• WHAT IS EXPECTED:
Down to the last line, print the entries below exactly, and keep every picture out of the copy.

• DATA SUPPLIED:
+++++

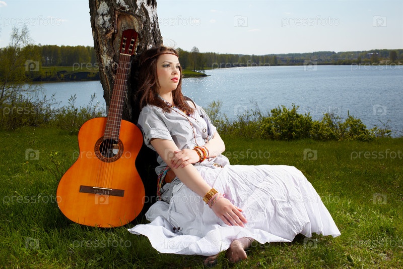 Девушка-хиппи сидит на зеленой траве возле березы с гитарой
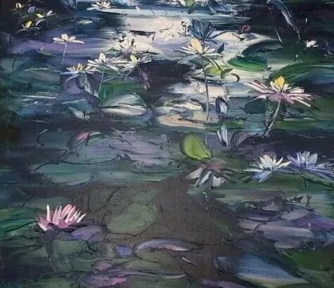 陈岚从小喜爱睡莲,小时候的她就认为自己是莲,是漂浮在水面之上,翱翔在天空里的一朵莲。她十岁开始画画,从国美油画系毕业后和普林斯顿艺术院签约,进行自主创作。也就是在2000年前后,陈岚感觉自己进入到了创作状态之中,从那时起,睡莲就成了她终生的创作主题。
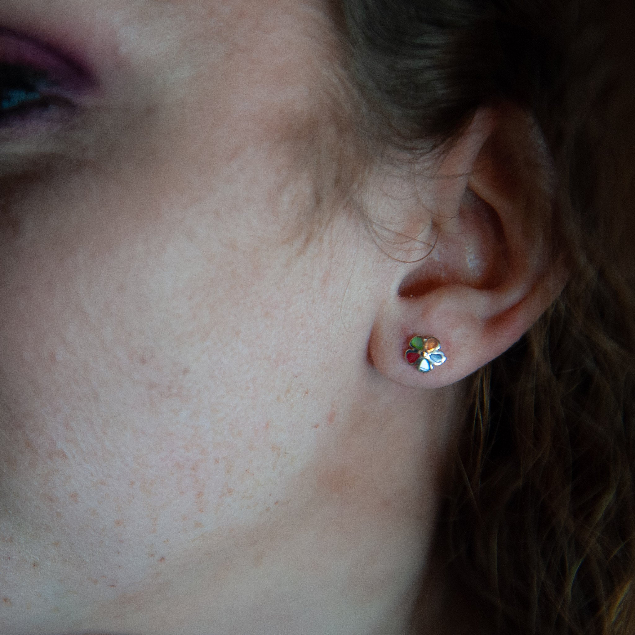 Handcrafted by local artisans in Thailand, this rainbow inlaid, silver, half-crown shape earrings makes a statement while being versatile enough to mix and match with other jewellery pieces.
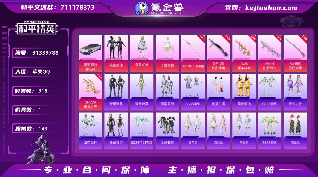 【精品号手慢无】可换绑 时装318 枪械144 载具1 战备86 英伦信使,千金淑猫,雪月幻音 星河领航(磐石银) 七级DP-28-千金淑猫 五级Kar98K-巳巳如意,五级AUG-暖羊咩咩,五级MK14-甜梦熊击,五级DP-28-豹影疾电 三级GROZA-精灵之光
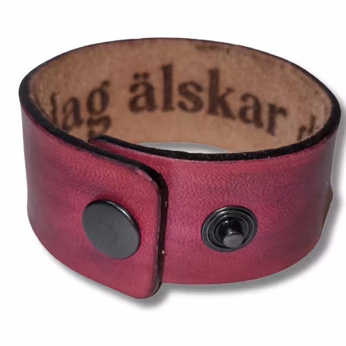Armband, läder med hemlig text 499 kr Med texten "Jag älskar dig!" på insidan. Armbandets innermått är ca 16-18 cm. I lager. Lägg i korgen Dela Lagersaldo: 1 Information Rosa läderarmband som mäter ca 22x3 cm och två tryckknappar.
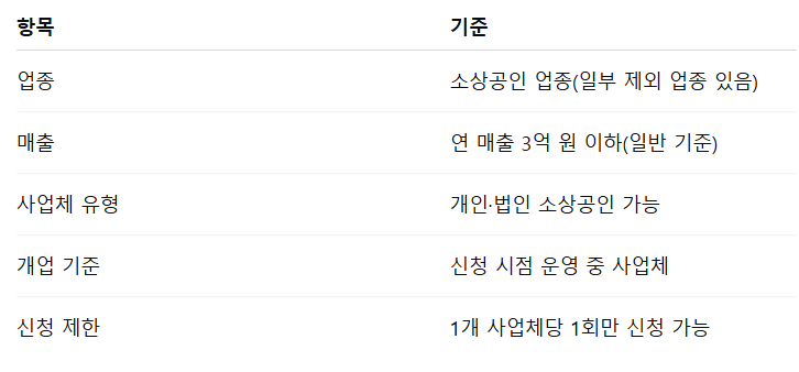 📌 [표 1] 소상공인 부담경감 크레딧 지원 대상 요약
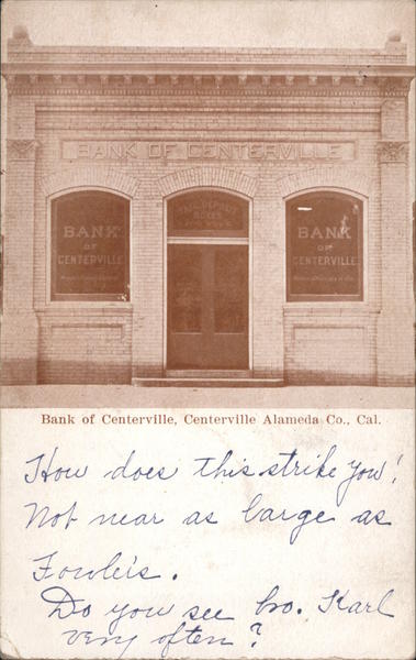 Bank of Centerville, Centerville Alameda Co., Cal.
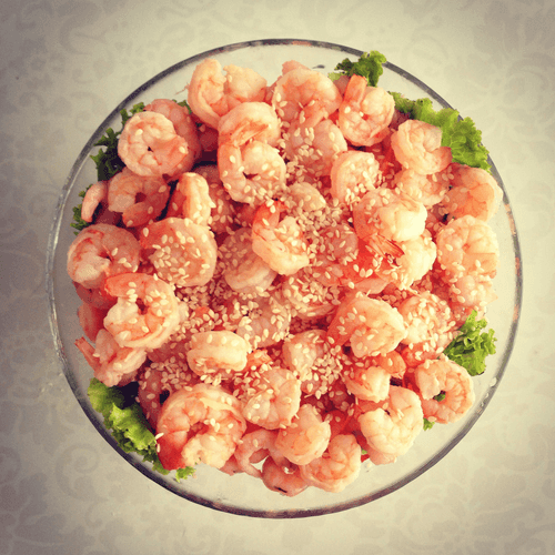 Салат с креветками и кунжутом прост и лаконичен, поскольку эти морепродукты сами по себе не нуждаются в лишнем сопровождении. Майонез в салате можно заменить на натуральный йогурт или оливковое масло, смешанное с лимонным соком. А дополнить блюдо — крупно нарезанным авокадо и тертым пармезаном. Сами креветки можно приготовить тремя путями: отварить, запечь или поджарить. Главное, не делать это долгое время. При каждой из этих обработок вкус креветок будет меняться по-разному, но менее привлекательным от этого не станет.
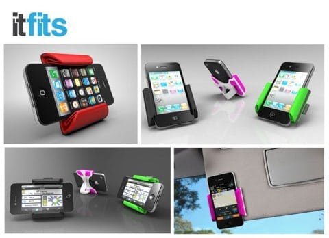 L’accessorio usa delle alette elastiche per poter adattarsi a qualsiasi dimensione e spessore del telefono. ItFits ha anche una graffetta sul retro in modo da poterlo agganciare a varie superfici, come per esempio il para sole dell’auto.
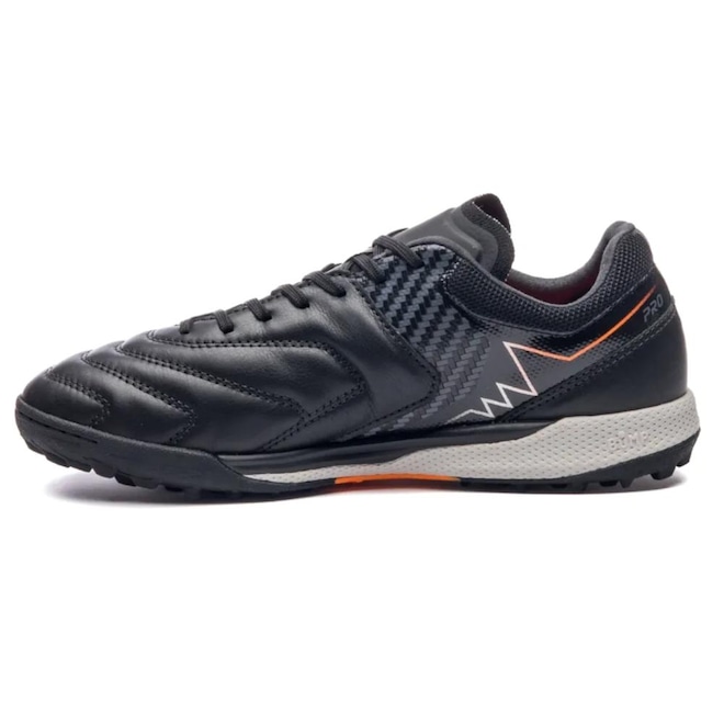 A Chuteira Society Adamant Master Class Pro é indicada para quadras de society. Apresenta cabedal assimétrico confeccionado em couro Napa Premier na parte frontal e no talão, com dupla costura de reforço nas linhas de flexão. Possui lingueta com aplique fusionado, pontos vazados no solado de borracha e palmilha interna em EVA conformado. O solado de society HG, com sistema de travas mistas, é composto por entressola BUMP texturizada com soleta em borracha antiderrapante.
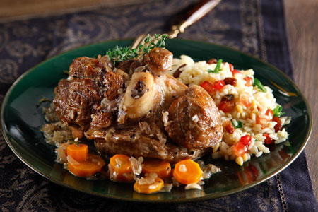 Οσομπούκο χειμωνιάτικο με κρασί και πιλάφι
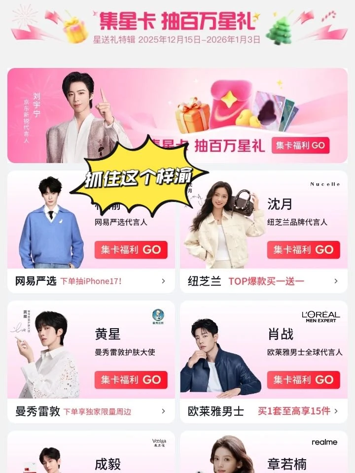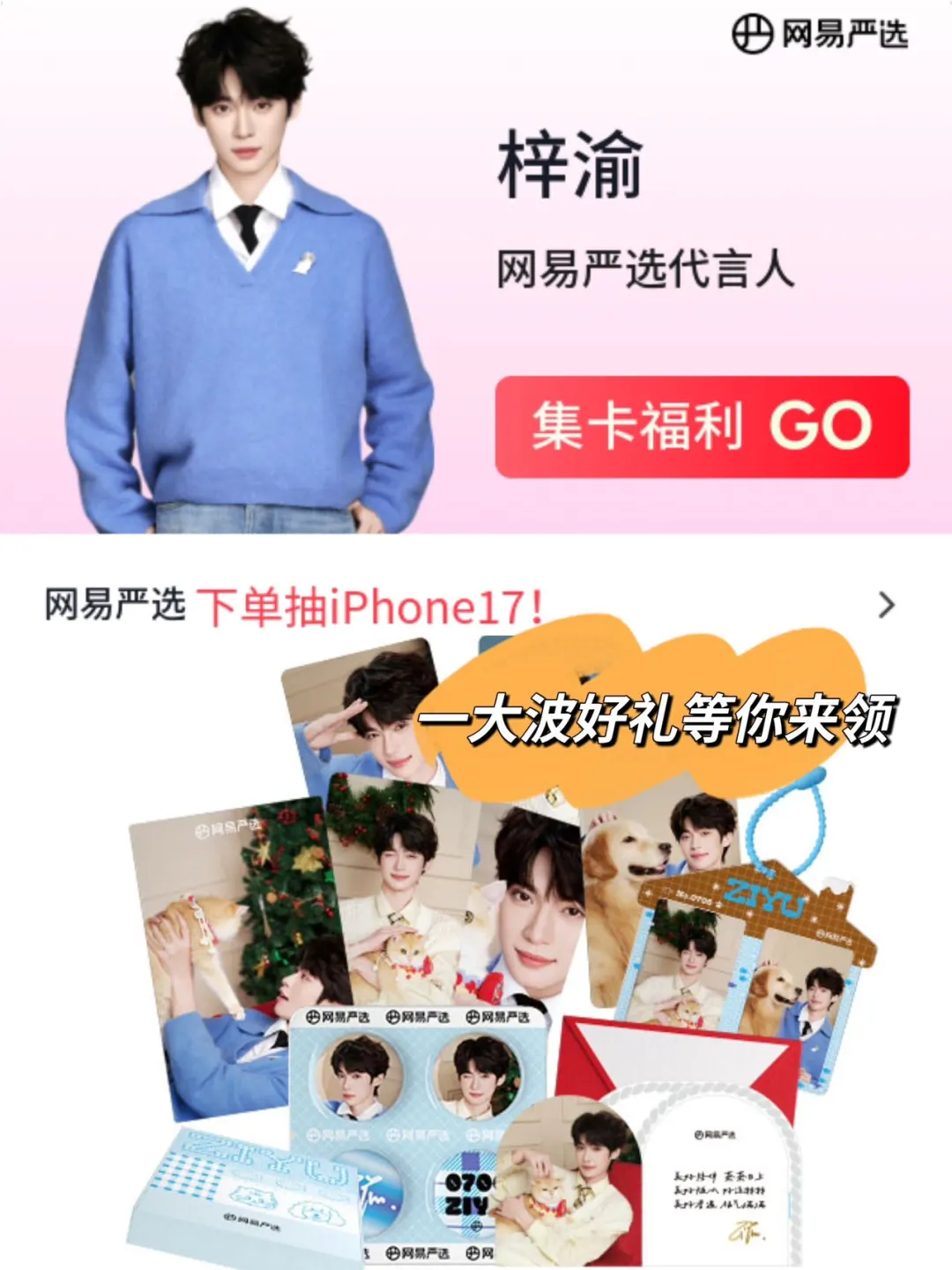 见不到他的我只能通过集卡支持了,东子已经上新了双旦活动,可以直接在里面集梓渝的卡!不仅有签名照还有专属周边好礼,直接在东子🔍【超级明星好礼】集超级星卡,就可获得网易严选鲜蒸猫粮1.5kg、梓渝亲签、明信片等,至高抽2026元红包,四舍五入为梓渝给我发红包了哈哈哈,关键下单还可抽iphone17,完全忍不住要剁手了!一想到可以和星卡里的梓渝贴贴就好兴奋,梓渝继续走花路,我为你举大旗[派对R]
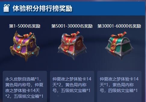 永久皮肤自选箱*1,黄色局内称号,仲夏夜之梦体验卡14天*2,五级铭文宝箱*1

+++++

• EXERCISE SOLUTION:
 Девушка-хиппи сидит на зеленой траве возле березы с гитарой
 陈岚从小喜爱睡莲,小时候的她就认为自己是莲,是漂浮在水面之上,翱翔在天空里的一朵莲。她十岁开始画画,从国美油画系毕业后和普林斯顿艺术院签约,进行自主创作。也就是在2000年前后,陈岚感觉自己进入到了创作状态之中,从那时起,睡莲就成了她终生的创作主题。
 Handcrafted by local artisans in Thailand, this rainbow inlaid, silver, half-crown shape earrings makes a statement while being versatile enough to mix and match with other jewellery pieces.
 【精品号手慢无】可换绑 时装318 枪械144 载具1 战备86 英伦信使,千金淑猫,雪月幻音 星河领航(磐石银) 七级DP-28-千金淑猫 五级Kar98K-巳巳如意,五级AUG-暖羊咩咩,五级MK14-甜梦熊击,五级DP-28-豹影疾电 三级GROZA-精灵之光
Armband, läder med hemlig text 499 kr Med texten "Jag älskar dig!" på insidan. Armbandets innermått är ca 16-18 cm. I lager. Lägg i korgen Dela Lagersaldo: 1 Information Rosa läderarmband som mäter ca 22x3 cm och två tryckknappar.
 📌 [표 1] 소상공인 부담경감 크레딧 지원 대상 요약
 Bank of Centerville, Centerville Alameda Co., Cal.
 Салат с креветками и кунжутом прост и лаконичен, поскольку эти морепродукты сами по себе не нуждаются в лишнем сопровождении. Майонез в салате можно заменить на натуральный йогурт или оливковое масло, смешанное с лимонным соком. А дополнить блюдо — крупно нарезанным авокадо и тертым пармезаном. Сами креветки можно приготовить тремя путями: отварить, запечь или поджарить. Главное, не делать это долгое время. При каждой из этих обработок вкус креветок будет меняться по-разному, но менее привлекательным от этого не станет.
 L’accessorio usa delle alette elastiche per poter adattarsi a qualsiasi dimensione e spessore del telefono. ItFits ha anche una graffetta sul retro in modo da poterlo agganciare a varie superfici, come per esempio il para sole dell’auto.
 A Chuteira Society Adamant Master Class Pro é indicada para quadras de society. Apresenta cabedal assimétrico confeccionado em couro Napa Premier na parte frontal e no talão, com dupla costura de reforço nas linhas de flexão. Possui lingueta com aplique fusionado, pontos vazados no solado de borracha e palmilha interna em EVA conformado. O solado de society HG, com sistema de travas mistas, é composto por entressola BUMP texturizada com soleta em borracha antiderrapante.
 Οσομπούκο χειμωνιάτικο με κρασί και πιλάφι
 见不到他的我只能通过集卡支持了,东子已经上新了双旦活动,可以直接在里面集梓渝的卡!不仅有签名照还有专属周边好礼,直接在东子🔍【超级明星好礼】集超级星卡,就可获得网易严选鲜蒸猫粮1.5kg、梓渝亲签、明信片等,至高抽2026元红包,四舍五入为梓渝给我发红包了哈哈哈,关键下单还可抽iphone17,完全忍不住要剁手了!一想到可以和星卡里的梓渝贴贴就好兴奋,梓渝继续走花路,我为你举大旗[派对R]
 永久皮肤自选箱*1,黄色局内称号,仲夏夜之梦体验卡14天*2,五级铭文宝箱*1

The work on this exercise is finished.